EXERCISE DESCRIPTION: Would you please repeat exactly the entries below, starting at the line with "Кнопка выключения находится" and ending at the line with "The magnificent 1:100", and nothing outside that range? Leave out the pictures.

MATERIAL FOR THIS TASK:

◆ ◆ ◆ ◆

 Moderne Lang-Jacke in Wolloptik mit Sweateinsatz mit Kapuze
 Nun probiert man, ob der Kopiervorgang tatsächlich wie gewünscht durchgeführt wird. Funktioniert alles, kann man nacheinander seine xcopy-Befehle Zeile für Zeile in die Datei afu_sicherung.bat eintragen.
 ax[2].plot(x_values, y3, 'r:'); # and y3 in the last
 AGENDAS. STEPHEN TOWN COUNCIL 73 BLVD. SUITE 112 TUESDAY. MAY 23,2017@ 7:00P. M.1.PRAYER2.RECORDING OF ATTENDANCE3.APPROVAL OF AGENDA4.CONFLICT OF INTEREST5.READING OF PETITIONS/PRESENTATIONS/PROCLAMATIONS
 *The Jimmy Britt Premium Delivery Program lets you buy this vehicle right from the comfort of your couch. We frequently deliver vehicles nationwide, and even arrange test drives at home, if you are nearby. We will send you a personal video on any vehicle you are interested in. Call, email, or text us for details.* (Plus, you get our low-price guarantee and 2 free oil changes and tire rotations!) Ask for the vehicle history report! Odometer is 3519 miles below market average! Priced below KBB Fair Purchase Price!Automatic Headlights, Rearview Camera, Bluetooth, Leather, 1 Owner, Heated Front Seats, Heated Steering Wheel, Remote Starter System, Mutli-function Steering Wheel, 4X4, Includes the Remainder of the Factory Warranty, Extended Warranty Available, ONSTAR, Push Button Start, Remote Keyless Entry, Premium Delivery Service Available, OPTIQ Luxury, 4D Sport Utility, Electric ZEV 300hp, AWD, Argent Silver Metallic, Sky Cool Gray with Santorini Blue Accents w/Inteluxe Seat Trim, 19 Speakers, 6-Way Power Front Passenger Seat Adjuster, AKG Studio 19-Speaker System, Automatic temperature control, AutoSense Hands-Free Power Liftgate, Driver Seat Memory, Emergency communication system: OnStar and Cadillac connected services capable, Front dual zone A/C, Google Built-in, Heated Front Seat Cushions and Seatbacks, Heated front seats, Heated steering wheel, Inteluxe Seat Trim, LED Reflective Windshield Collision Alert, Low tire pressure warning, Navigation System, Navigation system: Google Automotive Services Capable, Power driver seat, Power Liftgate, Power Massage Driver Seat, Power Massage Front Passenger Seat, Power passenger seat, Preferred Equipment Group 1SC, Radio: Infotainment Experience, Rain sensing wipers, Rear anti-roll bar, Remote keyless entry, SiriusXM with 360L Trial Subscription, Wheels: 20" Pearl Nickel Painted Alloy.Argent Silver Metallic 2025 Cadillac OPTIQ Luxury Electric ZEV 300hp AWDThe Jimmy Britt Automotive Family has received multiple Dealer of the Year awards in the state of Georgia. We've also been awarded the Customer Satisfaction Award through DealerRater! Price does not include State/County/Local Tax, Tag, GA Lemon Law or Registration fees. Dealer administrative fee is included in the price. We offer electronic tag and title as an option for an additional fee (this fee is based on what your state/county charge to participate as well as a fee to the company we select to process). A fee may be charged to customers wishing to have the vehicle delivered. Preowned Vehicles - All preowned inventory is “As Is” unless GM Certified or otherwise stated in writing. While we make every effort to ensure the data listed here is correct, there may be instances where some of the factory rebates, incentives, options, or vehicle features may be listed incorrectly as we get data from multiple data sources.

◆ ◆ ◆ ◆

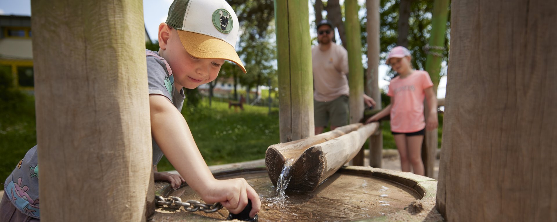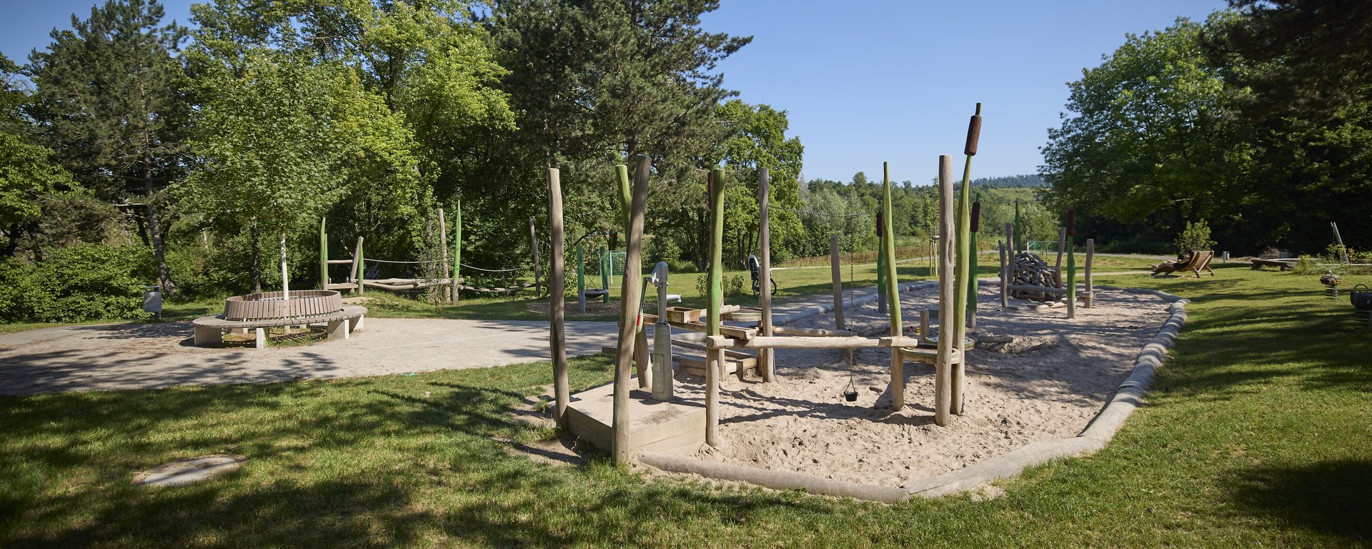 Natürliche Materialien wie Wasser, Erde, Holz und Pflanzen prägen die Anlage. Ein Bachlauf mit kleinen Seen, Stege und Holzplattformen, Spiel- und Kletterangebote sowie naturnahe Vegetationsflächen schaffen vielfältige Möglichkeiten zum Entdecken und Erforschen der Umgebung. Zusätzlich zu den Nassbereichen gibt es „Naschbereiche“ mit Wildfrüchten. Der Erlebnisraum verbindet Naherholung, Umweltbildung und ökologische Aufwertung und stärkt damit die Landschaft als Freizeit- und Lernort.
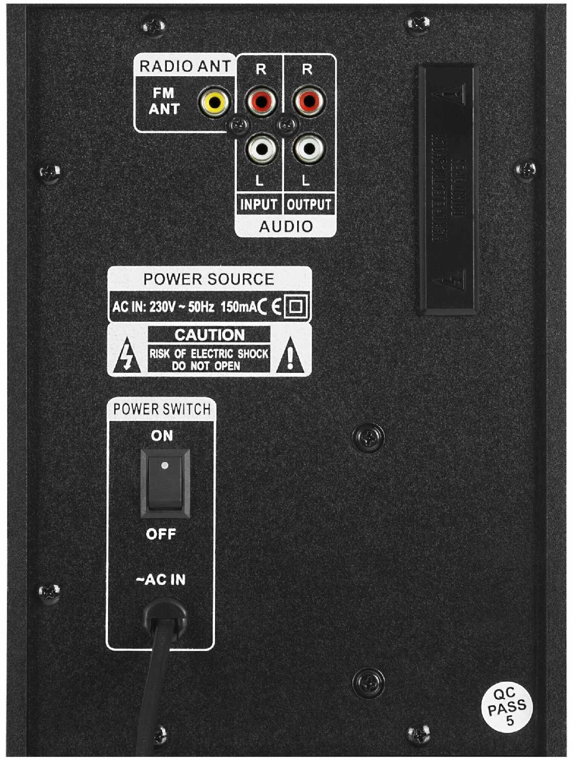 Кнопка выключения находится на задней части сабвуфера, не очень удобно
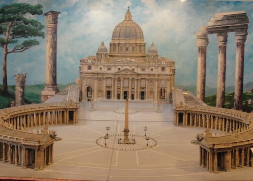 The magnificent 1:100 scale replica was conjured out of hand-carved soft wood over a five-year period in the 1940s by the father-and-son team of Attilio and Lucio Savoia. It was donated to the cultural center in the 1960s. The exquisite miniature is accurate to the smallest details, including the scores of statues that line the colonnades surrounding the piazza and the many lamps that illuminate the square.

◆ ◆ ◆ ◆

COMPLETED TASK:
 Кнопка выключения находится на задней части сабвуфера, не очень удобно
 The magnificent 1:100 scale replica was conjured out of hand-carved soft wood over a five-year period in the 1940s by the father-and-son team of Attilio and Lucio Savoia. It was donated to the cultural center in the 1960s. The exquisite miniature is accurate to the smallest details, including the scores of statues that line the colonnades surrounding the piazza and the many lamps that illuminate the square.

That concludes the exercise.